Today’s students are more connected with social issues than the previous generation. Here’s how local teachers are making that happen
You can’t scroll through your Facebook or Twitter feed, read a magazine or newspaper, or watch the news without being challenged by a social issue or issues. From community to national or international in scope, they deal with a struggle that people face. Cheryl Ward, principal of Heritage Academy in Ottawa understands.
“The majority of our students have dyslexia or specific language disorders,” says Ward, “so, for some students, it’s not only a struggle to read, write, or spell, but many find it challenging to read facial expressions or social cues. And now with everyone wearing masks, it makes it even more difficult.”
That has not held back the students at Heritage Academy when it comes to participating in social awareness issues. “Our students understand that they have the power to make positive changes in their community and abroad,” says Ward. “They understand the meaning behind Pink (anti-bullying) and Orange (recognition of the impact of residential schooling on the Indigenous community) Shirt Day, Bullying and Learning Disabilities Awareness Day and that it’s about a struggle. They’ve struggled, so they take real pride in the fact that they are helping others.” Ward says that many Heritage Academy graduates have gone into the caring professions. “We focus on the elements of social, emotional and academic well-being and show our students how to understand their values,” says Ward. “They get the fact that issues are important and our involvement with community social issues has fostered that positive behaviour and willingness to help others.”
For Gareth Reid, director of Turnbull School, it’s all about participating in the community. “One of our primary social causes has been the United Way,” says Reid. “We’ve been involved for many years and focus on social issues like youth homelessness and school breakfast programs. Our emphasis has often been on children and programs for children.” For a small school, they’ve made a big impact. “We hit the $1M-raised mark for the United Way, The Ottawa Hospital and Help Lesotho, in April of 2016,” says Reid. He also emphasizes that it’s not just about the money raised, but the educational component and raising of awareness as well. “We want our students to understand how they can help,” says Reid. “And our international campaign—Help Lesotho—really brings that home for the students.” The campaign raises money for AIDS-ravaged Lesotho, Africa during December. “We’ve raised money to supply Lesotho students with backpacks filled with oral hygiene items or socks and underwear,” says Reid. “That makes our students feel good about making a difference. But they also understand the value of closer-to-home issues like environmental initiatives, or Pink and Orange Shirt Day and reaching out and recognizing the needs in the community.”

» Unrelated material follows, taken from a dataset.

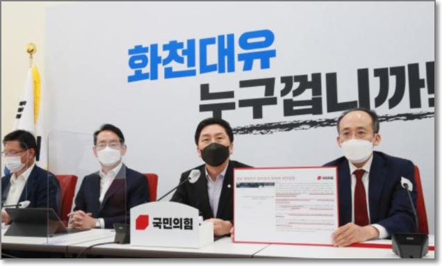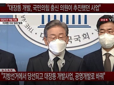 그리고 대장동 택지개발은 공영개발인데 국민의힘이 민간개발로 추진하고 있었습니다.
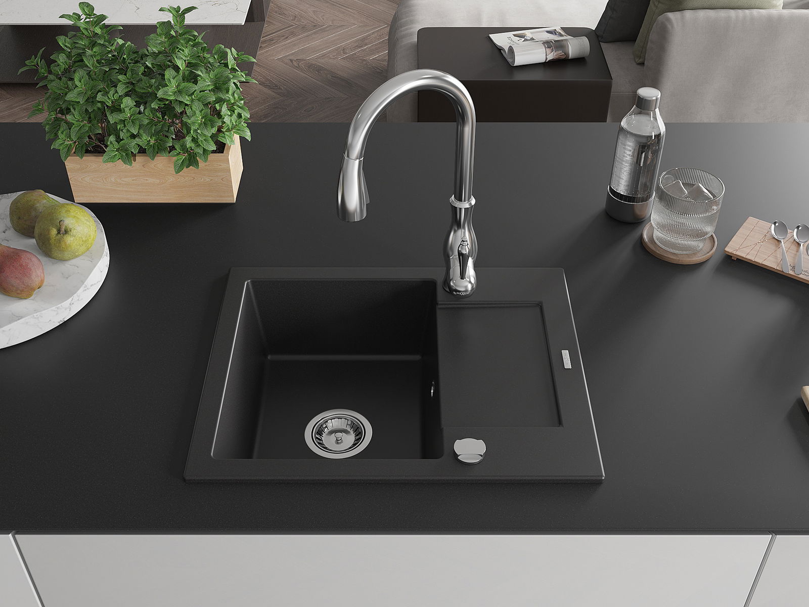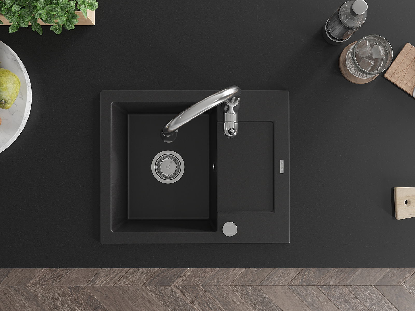 El fregadero está hecho de granito de alta calidad. Constituye un complemento elegante y, sobre todo, práctico para cualquier cocina, independientemente de su estilo. La alta calidad y durabilidad del granito aseguran un uso durante muchos años.

“Within a year such as this one, keeping connected and ensuring students creatively remain engaged and involved is crucial,” says St-Laurent Academy principal of elementary and middle school Colleen Long. “We plan events and activities surrounding the many positive initiatives that occur throughout Ottawa, Ontario and Canada. We look at our year and facilitate monthly student and family events. To name only a few, we are very involved in the Terry Fox Run for the Cure; Orange Shirt Day; communication campaigns with Canada’s Veterans; Amnesty International Letter Writing Month; Anti- Bullying Month/Pink Shirt Day; Black History Month and Earth Day. We are able to weave both community and curriculum into all we do.”
A key focus within the St-Laurent elementary team is that of Canada’s Indigenous community and peoples. Each month, the students begin their monthly school assembly with a “territorial acknowledgement” and a theme linked to Canada’s Indigenous Cultures. An in-house team provides lessons, activities tools and visuals for each grade level to use in their classroom curriculum. “With Earth Day right around the corner, the perfect connection can be made here.” says Long. The school has also adopted the Minwaashin Lodge, an Indigenous women’s support centre, and raises funds throughout the year to help support the work they are doing in raising and educating their children under some difficult situations.
All of these efforts complement more traditional subjects, especially in these unusual times. “This year has been a vastly different experience for all schools,” says Long. “Although we are keeping very connected through technology, it just can’t replace the human touch.”